--- START ---
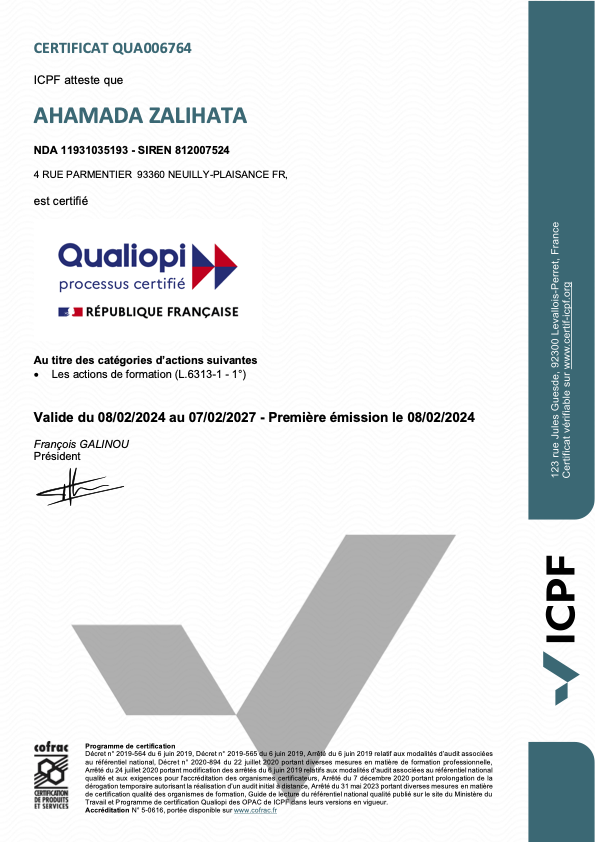L'ensemble de nos formations sont certifiées Qualiopi et ICPF
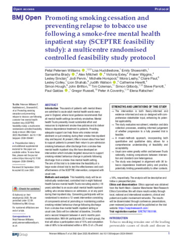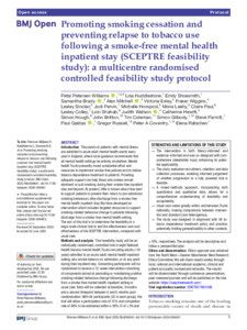 | Title: | Promoting smoking cessation and preventing relapse to tobacco use following a smoke-free mental health inpatient stay (SCEPTRE feasibility study): a multicentre randomised controlled feasibility study protocol |
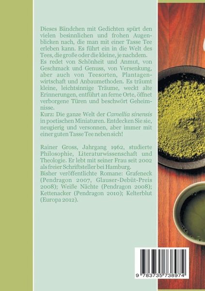 Dieses Bändchen mit Gedichten spürt den vielen besinnlichen und frohen Augenblicken nach, die man mit einer Tasse Tee erleben kann. Es führt ein in die Welt des Tees, die große oder die kleine, je nachdem.Es redet von Schönheit und Anmut, von Geschmack und Genuss, von Versenkung, aber auch von Teesorten und Anbaumethoden. Es träumt kleine, leichtsinnige Träume, weckt alte Erinnerungen, entführt an ferne Orte, öffnet verborgene Türen und beschwört Geheimnisse.Kurz: Die ganze Welt der Camelia sinensis in poetischen Miniaturen. Entdecken Sie sie, neugierig und versonnen, aber immer mit einer guten Tasse Tee neben sich!
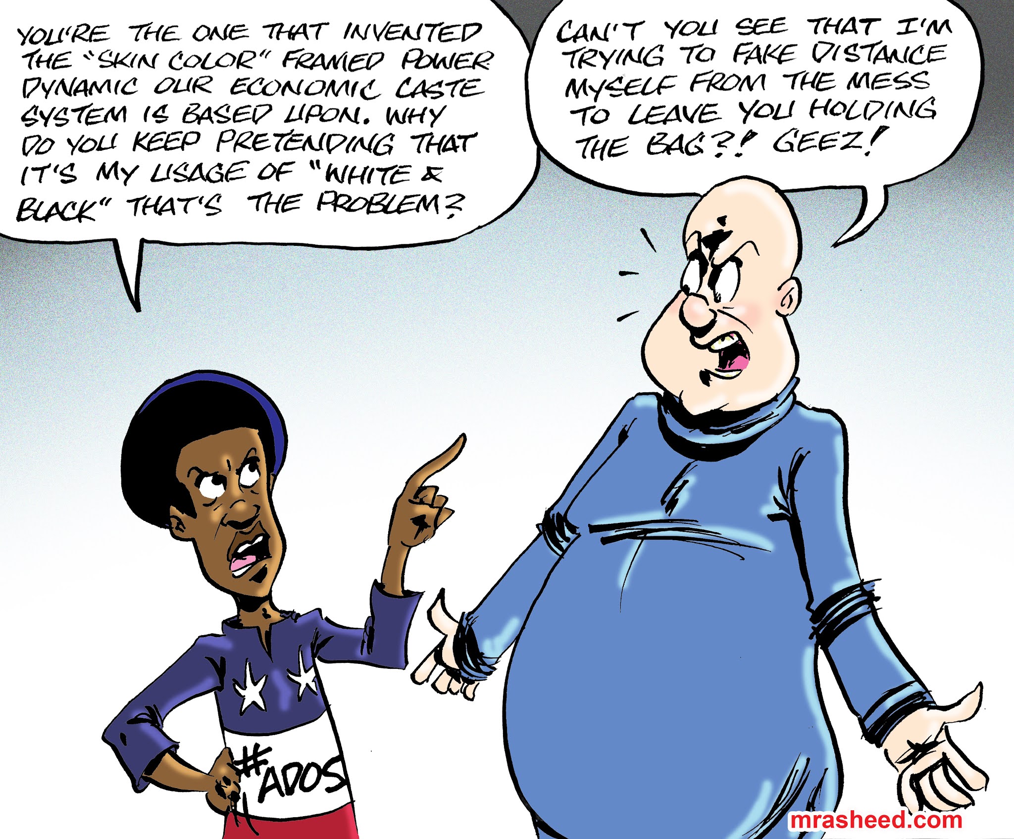 Rasheed, Muhammad. "Carrying Over the Negro Problem into the 21st Century." Cartoon. The Official Website of Cartoonist M. Rasheed 15 Mar 2021. Pen & ink w/Adobe Photoshop color.
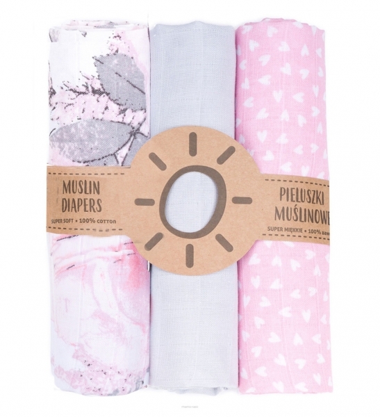 Mušelínové plenky 3ks + žínka zdarma, šedá/růžová - srdíčka, květy
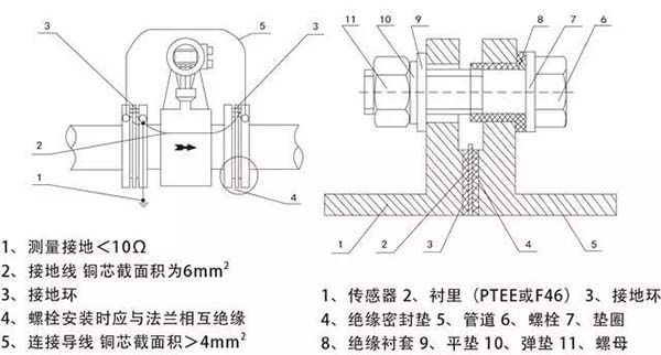 b、在塑料管道上或有絕緣層、油漆管道上的接地方式:傳感器上的兩端面應(yīng)加裝接地環(huán)或內(nèi)置接地電*,使管內(nèi)流動(dòng)的被測(cè)介質(zhì)與大地短接,具有零電位。否則,電磁流量計(jì)無法正常工作。(見下圖)
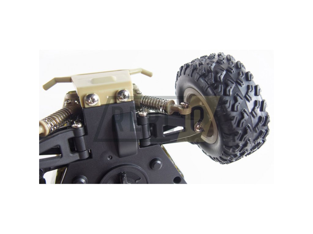 Maximální dosažitelná rychlost je asi 23 km / h. Ovládání přes 2,4 GHz vysílač. Model má pohon 4x4. Navíc je odolný proti stříkající vodě, a proto je vhodný pro venkovní použití do téměř jakéhokoliv terénu. RTR balení. Díky jednoduchému ovládání je vhodné pro začátečníky.
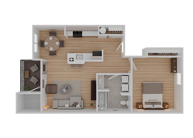 1 Bed, 1 Bath, 728 sq ftAvailable NowModel Gallery
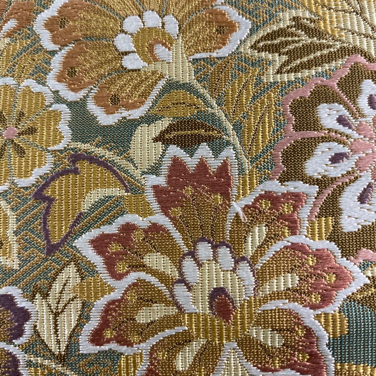 袋帯 草花 華文 黄土色 六通 正絹
--- END ---
(What to produce)
Quote all the records verbatim, dropping any pictures from your copy.

(Response to this task)
L'ensemble de nos formations sont certifiées Qualiopi et ICPF
 | Title: | Promoting smoking cessation and preventing relapse to tobacco use following a smoke-free mental health inpatient stay (SCEPTRE feasibility study): a multicentre randomised controlled feasibility study protocol |
 Dieses Bändchen mit Gedichten spürt den vielen besinnlichen und frohen Augenblicken nach, die man mit einer Tasse Tee erleben kann. Es führt ein in die Welt des Tees, die große oder die kleine, je nachdem.Es redet von Schönheit und Anmut, von Geschmack und Genuss, von Versenkung, aber auch von Teesorten und Anbaumethoden. Es träumt kleine, leichtsinnige Träume, weckt alte Erinnerungen, entführt an ferne Orte, öffnet verborgene Türen und beschwört Geheimnisse.Kurz: Die ganze Welt der Camelia sinensis in poetischen Miniaturen. Entdecken Sie sie, neugierig und versonnen, aber immer mit einer guten Tasse Tee neben sich!
 Rasheed, Muhammad. "Carrying Over the Negro Problem into the 21st Century." Cartoon. The Official Website of Cartoonist M. Rasheed 15 Mar 2021. Pen & ink w/Adobe Photoshop color.
 Mušelínové plenky 3ks + žínka zdarma, šedá/růžová - srdíčka, květy
 b、在塑料管道上或有絕緣層、油漆管道上的接地方式:傳感器上的兩端面應(yīng)加裝接地環(huán)或內(nèi)置接地電*,使管內(nèi)流動(dòng)的被測(cè)介質(zhì)與大地短接,具有零電位。否則,電磁流量計(jì)無法正常工作。(見下圖)
 Maximální dosažitelná rychlost je asi 23 km / h. Ovládání přes 2,4 GHz vysílač. Model má pohon 4x4. Navíc je odolný proti stříkající vodě, a proto je vhodný pro venkovní použití do téměř jakéhokoliv terénu. RTR balení. Díky jednoduchému ovládání je vhodné pro začátečníky.
 1 Bed, 1 Bath, 728 sq ftAvailable NowModel Gallery
 袋帯 草花 華文 黄土色 六通 正絹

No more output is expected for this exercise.